■ Supplied data
::::::

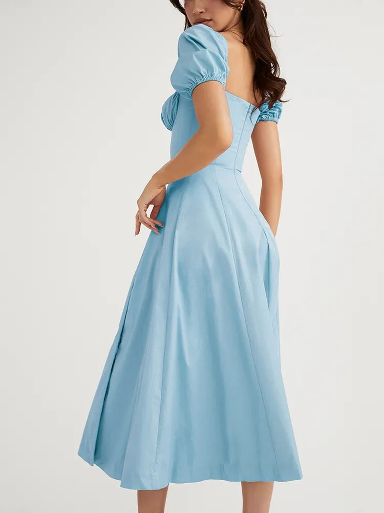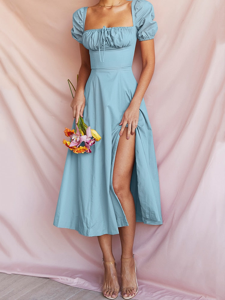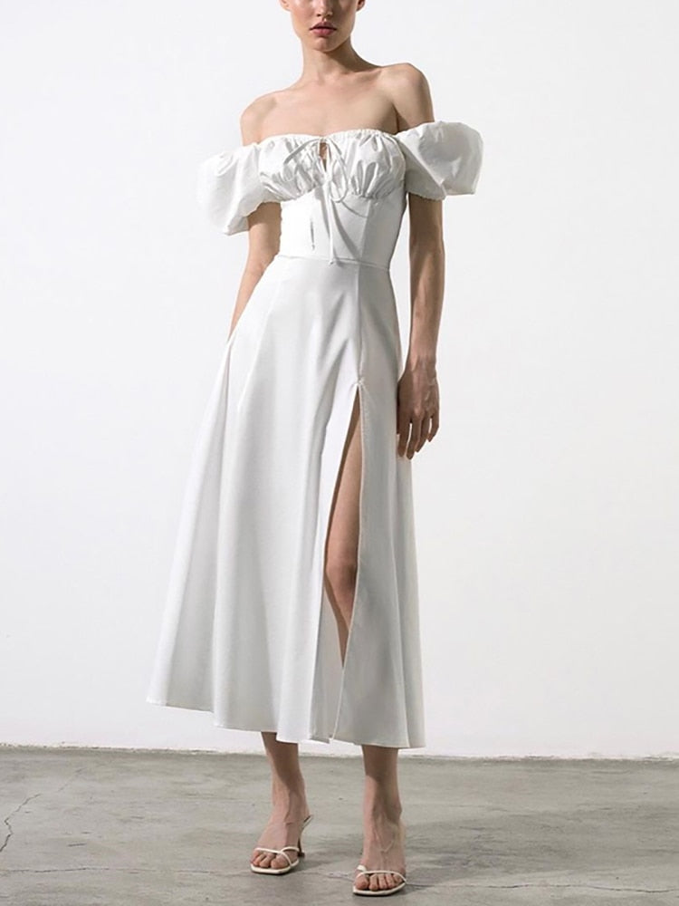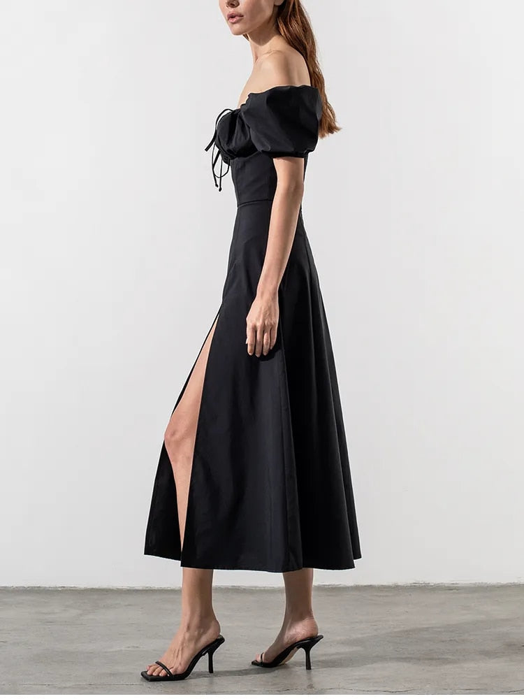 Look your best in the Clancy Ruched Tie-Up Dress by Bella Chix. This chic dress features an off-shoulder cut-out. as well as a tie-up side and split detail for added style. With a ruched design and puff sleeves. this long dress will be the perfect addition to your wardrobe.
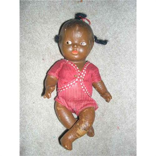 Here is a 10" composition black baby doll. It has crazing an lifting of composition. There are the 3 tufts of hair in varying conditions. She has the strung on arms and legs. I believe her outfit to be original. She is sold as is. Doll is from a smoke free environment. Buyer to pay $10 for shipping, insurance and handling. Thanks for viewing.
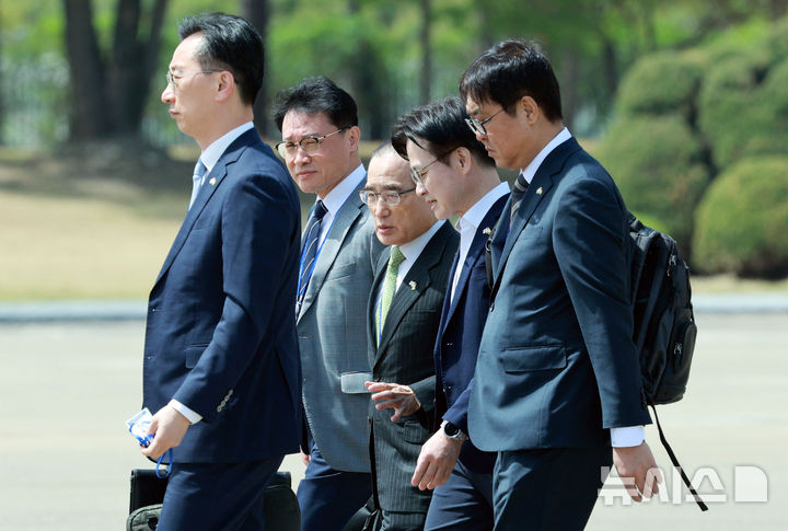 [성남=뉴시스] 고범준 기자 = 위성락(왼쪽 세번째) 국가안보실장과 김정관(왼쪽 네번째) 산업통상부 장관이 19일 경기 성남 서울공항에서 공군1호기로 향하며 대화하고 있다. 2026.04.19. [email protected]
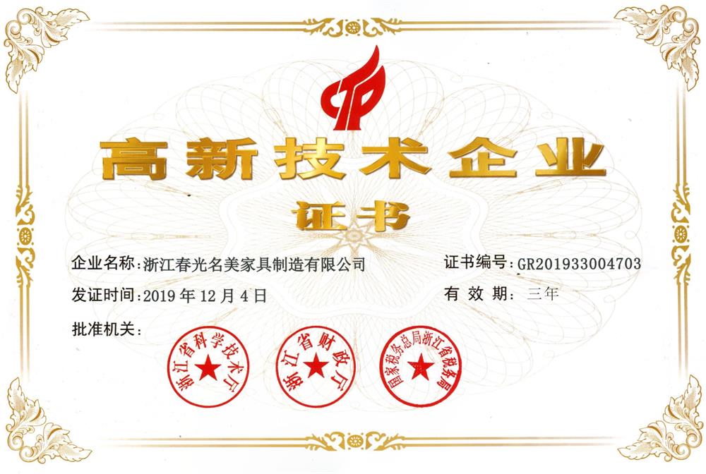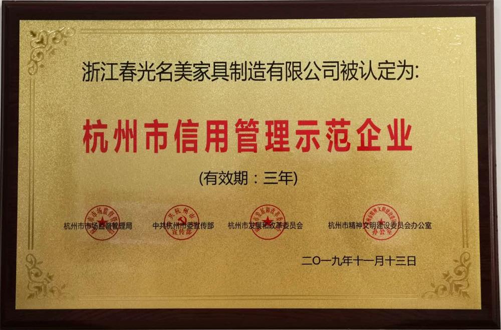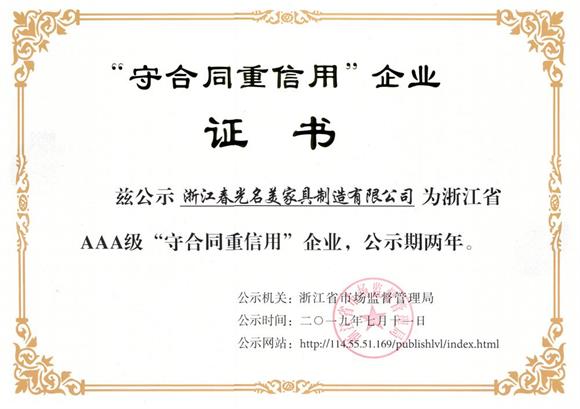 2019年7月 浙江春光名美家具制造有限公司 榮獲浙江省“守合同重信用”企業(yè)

::::::

■ Task objective
Everything in the data except the pictures needs to be written out exactly.

■ Exercise solution
 Look your best in the Clancy Ruched Tie-Up Dress by Bella Chix. This chic dress features an off-shoulder cut-out. as well as a tie-up side and split detail for added style. With a ruched design and puff sleeves. this long dress will be the perfect addition to your wardrobe.
 Here is a 10" composition black baby doll. It has crazing an lifting of composition. There are the 3 tufts of hair in varying conditions. She has the strung on arms and legs. I believe her outfit to be original. She is sold as is. Doll is from a smoke free environment. Buyer to pay $10 for shipping, insurance and handling. Thanks for viewing.
 [성남=뉴시스] 고범준 기자 = 위성락(왼쪽 세번째) 국가안보실장과 김정관(왼쪽 네번째) 산업통상부 장관이 19일 경기 성남 서울공항에서 공군1호기로 향하며 대화하고 있다. 2026.04.19. [email protected]
 2019年7月 浙江春光名美家具制造有限公司 榮獲浙江省“守合同重信用”企業(yè)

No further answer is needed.